You may want to consider pairing your book with an appropriate wine to bring it to life.
It's been an excellent year or two for wine books so let's start with the king and queen of wine, Hugh Johnson and Jancis Robinson. One of the first and most meaningful books is Johnson's The World Atlas of Wine, first published in 1971. About 4.5 million copies later, The World Atlas of Wine 7th edition by Johnson and Robinson is out in 16 languages. Johnson and Robinson have co-written the last three editions, the most recent of which sells for $35.There are 215 maps in the new editions, from coastal Croatia, Khaketi in Georgia, Canterbury in New Zealand, Swartland in South Africa, Northern Virginia in the U.S., and Ningxia in China. Nearly 42 years after it was first published, this book is still among the top-10 required texts for wine drinkers.
Not new in 2013 but timeless and current as of November 2012 is the definitive book on grapes, Wine Grapes: A Complete Guide to 1,368 Vine Varieties, Including Their Origins and Flavours, by Jancis Robinson for $122. This is the one that stops all the arguments about which grapes are grown where and where they originated.
The book I most enjoyed reading this year was Postmodern Winemaking: Rethinking the Modern Science of an Ancient Craft, $32, by Clark Smith, a winemaker for Diamond Ridge Vineyards and his WineSmith Cellars. Smith consults with hundreds of winemakers, is an adjunct professor at Fresno State University and lectures widely on wine chemistry fundamentals.

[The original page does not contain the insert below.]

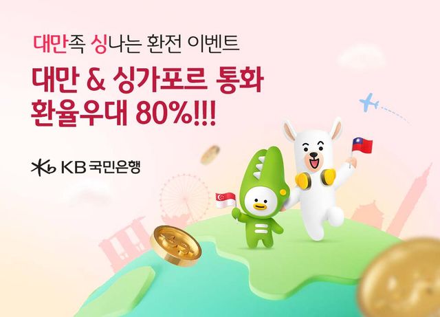 [M투데이 이상원 기자] KB국민은행은 비대면으로 대만 및 싱가포르 통화를 환전하는 고객에게 환율우대 80%를 제공하는 이벤트를 실시한다고 밝혔다.

The book covers a wide range of hot-button winemaking topics and the many choices available to the post-modern winemaker in pursuit of making what few do: complex wines. It's a must read for budding sommeliers, winemakers and for those interested in the science of wine.
I enjoyed spending some time with Stephan Reinhardt this year in Napa Valley and it reinforced what I already liked about his studious and comprehensive book, The Finest Wines of Germany: A Regional Guide to the Best Producers and Their Wines, $27. In a world gone mad about Riesling, Reinhardt does a terrific job of exploring the masters of Riesling and the famed sites behind many of Germany's best wines.
My Favorite Burgundies, $39.50, by Clive Coates looks at his favourite Burgundy estates, complete with nifty, detailed maps, plenty of new tasting notes and a wealth of insider information. Coates has covered Burgundy for more than 40 years, written two comprehensive bibles and steadfastly reviewed wines for decades in that classic tight-lipped English style.
Books with a local connection begin with Had a Glass 2013: Top 100 Wines Under $20, by James Nevison for $14.40. The annual value wine guide is put together by James Nevison, wine commentator for The Province. The book is focused on wines under $20 and more important, bottles you are likely to see in local government stores. It's a useful stocking stuffer, to say the least.
I should say something about Hugh Johnson's Pocket Wine Book 2014, $10, with fair notice that I was the Canadian editor. I kicked and shouted and managed to get a line or two on 30 Canadian wineries, bringing the Canadian content to a full two-page spread. The 37th edition is the ultimate compact guide. It's a great book for beginners, and there is invaluable vintage information from experts around the world.